Investing in Gold by Allen Rowe: Coins rejected in circulation, prized by collectors |

Investing in Gold by Allen Rowe: Coins rejected in circulation, prized by collectors

Allen Rowe
For the Nevada Appeal

Many can remember when the Susan B. Anthony (SBA) dollar debuted in 1979. The coin was about the same size as a quarter, had the same color, and what most would describe as an ugly design, plus it was easy to mistakenly pass out as a quarter if not focused on their change. With waning popularity and people grumbling that it was too confusingly close to the size of a quarter the coin was quickly discontinued in 1981.

Most of the 1979 issues were put out into the real world to circulate, by 1980 very few wanted to get the new dollar coin and by 1981 none that were minted were released to general circulation. Revived in 1999 for a short run before the Sacagaweas and presidential dollars the SBA was a miserable failure.

Interestingly enough, the SBA had a predecessor of similar disgust in the 1800s.

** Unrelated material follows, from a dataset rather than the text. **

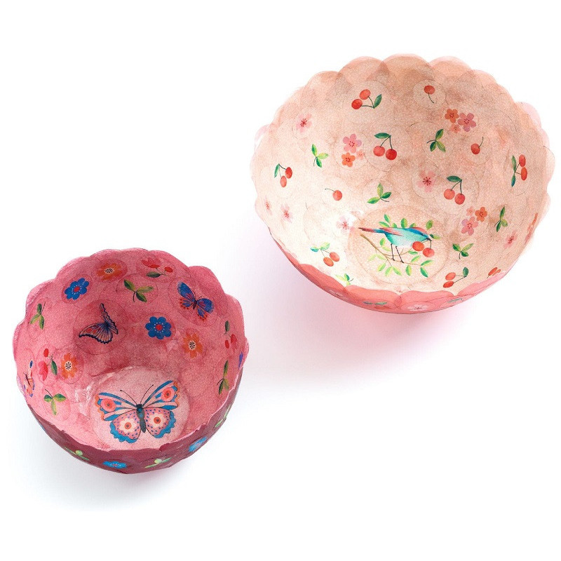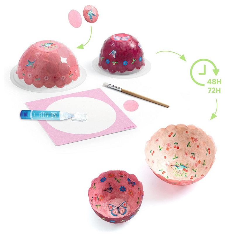 Zestaw do samodzielnego stworzenia różowych, papierowych miseczek.

With a lack of change circulating, the U.S. mint tried a number of new denominations to help in change making. The shortest lived was the 20-cent piece. Born in 1875 it was only struck for circulation until 1876. Then the next two years saw proof strikes for collectors only.

The coin’s diameter was very close and the obverse design was nearly identical to that of a quarter.

Consequently people hated the coin and very few were struck. Three mints produced the 20-cent coin. Philadelphia in all four years, Carson City in 1875 and 1876, and San Francisco in 1875 only. San Francisco produced the most coins by minting more than 1.1 million in 1875. Philadelphia produced them for four years, but still made fewer than 53,000. Carson City struck just over 143,000, but of the 10,000 struck in 1876, most were melted.

If one is looking to obtain a 20-cent coin, it can be done starting at about $100. But if you wanted to complete a set of these cast-offs from the 1800s be prepared to spend a few dollars.

The Philadelphia 1875 and 1876 coins start at about $200, but the 1877 and 1878 coins totaled less than 1,000 pieces and will set you back anywhere from $3,000 and up.

San Francisco coins are obviously the easiest and start at about $100. Carson City coins are where things get expensive. The 1875-CC is not too expensive and starts at about $300, but the 1876-CC has become legendary.

With the 20-cent pieces being chided as a mistake, the mint ordered Carson City to destroy what coins they had not released to the public. So, even though 10,000 coins were struck, most ended up in the melting pot. Today it is estimated that only about 15 pieces are known to exist. Most of the coins known were pieces that had been sent back east for assay. Only a couple are believed to have made it into circulation and finding one would be any collectors dream. But with the 1876-CC coins starting in the six figure range it could pay to look for one.

• Allen Rowe is the owner of Northern Nevada Coin in Carson City.